AG is Guilty of Ignoring the Appeal Court
Freed from 600 charges deemed defective, Perak duty-free store operator reaches amicable settlement with Customs to end all prosecution
KUALA LUMPUR, July 11 — Duty-free store operator Seruntun Maju Sdn Bhd has reached an amicable settlement with the Royal Malaysian Customs Department to end all prosecution against the company and its officials.
This follows a magistrate’s decision last October to release the company and its officials from 600 charges — initiated by the Customs Department — which were deemed to be defective.
In a July 6 company announcement to the Singapore stock exchange by Seruntun Maju’s Singapore-incorporated parent company Duty Free International Limited (DFIL), the listed firm’s board of directors said that the settlement is “mutually beneficial” to all parties.
In the settlement recorded as a consent order in the High Court in Taiping, Perak on July 6, Customs “terminates all prosecution and investigation instituted against” Seruntun Maju and four of its officers, while Seruntun Maju will pay a “certain amount of compound with no admission of guilt or liability”, the company announcement said.
Citing previous Court of Appeal and Federal Court decisions in Seruntun Maju’s favour, DFIL said Seruntun Maju “has been vindicated that its business operations were always in full compliance with the applicable laws”.
DFIL also said that SMSB has and will always conduct its business in accordance with the country’s law, and said the settlement with Customs meant that the matter with the government department has been resolved.

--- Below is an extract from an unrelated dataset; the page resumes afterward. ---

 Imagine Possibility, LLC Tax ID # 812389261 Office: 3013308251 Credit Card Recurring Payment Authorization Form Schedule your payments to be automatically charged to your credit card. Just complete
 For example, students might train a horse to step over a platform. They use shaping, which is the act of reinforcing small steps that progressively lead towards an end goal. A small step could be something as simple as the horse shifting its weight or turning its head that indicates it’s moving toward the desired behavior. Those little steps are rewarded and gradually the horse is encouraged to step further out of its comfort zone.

Seruntun Maju has been operating since 1991, with its main business being a duty-free store in the border town of Pengkalan Hulu, Perak.
This duty-free shop is in the “buffer zone” or between Malaysia and Thailand’s immigration checkpoints, where customers from Thailand can shop in the store without entering Malaysia and without carrying travel documents — based on procedures since the 1990s.

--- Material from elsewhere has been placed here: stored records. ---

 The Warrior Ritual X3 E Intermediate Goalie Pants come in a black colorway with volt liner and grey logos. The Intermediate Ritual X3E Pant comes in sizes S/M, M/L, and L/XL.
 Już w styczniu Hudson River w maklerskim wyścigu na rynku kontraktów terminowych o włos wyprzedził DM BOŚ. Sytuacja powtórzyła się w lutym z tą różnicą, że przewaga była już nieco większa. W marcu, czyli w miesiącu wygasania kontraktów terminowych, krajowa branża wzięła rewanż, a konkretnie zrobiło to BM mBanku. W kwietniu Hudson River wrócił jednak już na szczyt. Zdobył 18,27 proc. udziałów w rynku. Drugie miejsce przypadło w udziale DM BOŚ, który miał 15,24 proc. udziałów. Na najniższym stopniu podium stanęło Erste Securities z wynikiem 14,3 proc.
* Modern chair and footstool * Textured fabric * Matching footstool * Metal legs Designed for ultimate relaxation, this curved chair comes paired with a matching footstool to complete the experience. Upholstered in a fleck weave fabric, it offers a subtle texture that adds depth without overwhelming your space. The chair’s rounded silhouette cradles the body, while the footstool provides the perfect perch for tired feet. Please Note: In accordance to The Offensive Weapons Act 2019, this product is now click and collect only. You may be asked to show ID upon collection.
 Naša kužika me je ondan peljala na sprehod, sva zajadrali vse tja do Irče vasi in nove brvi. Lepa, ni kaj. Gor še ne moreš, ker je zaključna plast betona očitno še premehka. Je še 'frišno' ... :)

The Customs Department had granted renewable two-year duty-free licences to Seruntun Maju since 1993, and issued these two-year licences on June 2, 2014 and June 1, 2016.
But the Customs Department then added new conditions to the licence via an Appendix D issued on November 5, 2014 and again issued on September 14, 2016, which were months after the licences had been issued.
Under Appendix D’s item 19, Seruntun Maju was required to prepare records of sales receipts with the full name, travel document number and vehicle number of the duty-free store’s customers.
Based on a previous DFIL company announcement, Seruntun Maju had on November 21, 2017 received several bills of demands dated November 14, 2017 from the Perak Customs, which demanded for payment of over RM15.4 million in customs duties, over RM23.5 million in excise duties, over RM377,000 in sales tax and over RM2.25 million in Goods and Services Tax (GST) over alleged non-compliance of additional conditions for the duty-free shop. This came up to RM41,594,986.86 or over RM41.59 million demanded by Customs.
On November 23, 2017, Seruntun Maju filed for judicial review at the High Court against the Perak Customs director-general and the Customs director-general, to challenge the legality of the additional conditions in Appendix D which the Customs Department said it had breached.
The High Court on June 29, 2018 dismissed Seruntun Maju’s challenge by ruling among other things that the Customs Department is allowed to issue any conditions for duty-free shop licences and at any time even after the licence is issued.
Seruntun Maju then appealed to the Court of Appeal, which ruled in the company’s favour on June 18, 2020. The company had also obtained a stay that suspended the need to pay the customs duties and excise duties, while pending the appeal.
A three-judge panel at the Court of Appeal unanimously ruled that there are no provisions under Section 65D of the Customs Act 1967 which would allow the Customs Department to modify and vary the licence or add new conditions after the duty-free licence had been issued to Seruntun Maju.
Ruling that the Customs Department had acted ultra vires or beyond the scope of its powers under Section 65D when it added new conditions after it had issued the licence to Seruntun Maju, the Court of Appeal quashed the additional conditions in Appendix D.
On January 11, 2021, the Federal Court rejected the Customs Department’s leave to appeal the Court of Appeal’s decision. DFIL previously explained that this meant SMSB has no obligation to pay the sum of over RM41.59 million demanded by Customs as the bills of demand were set aside.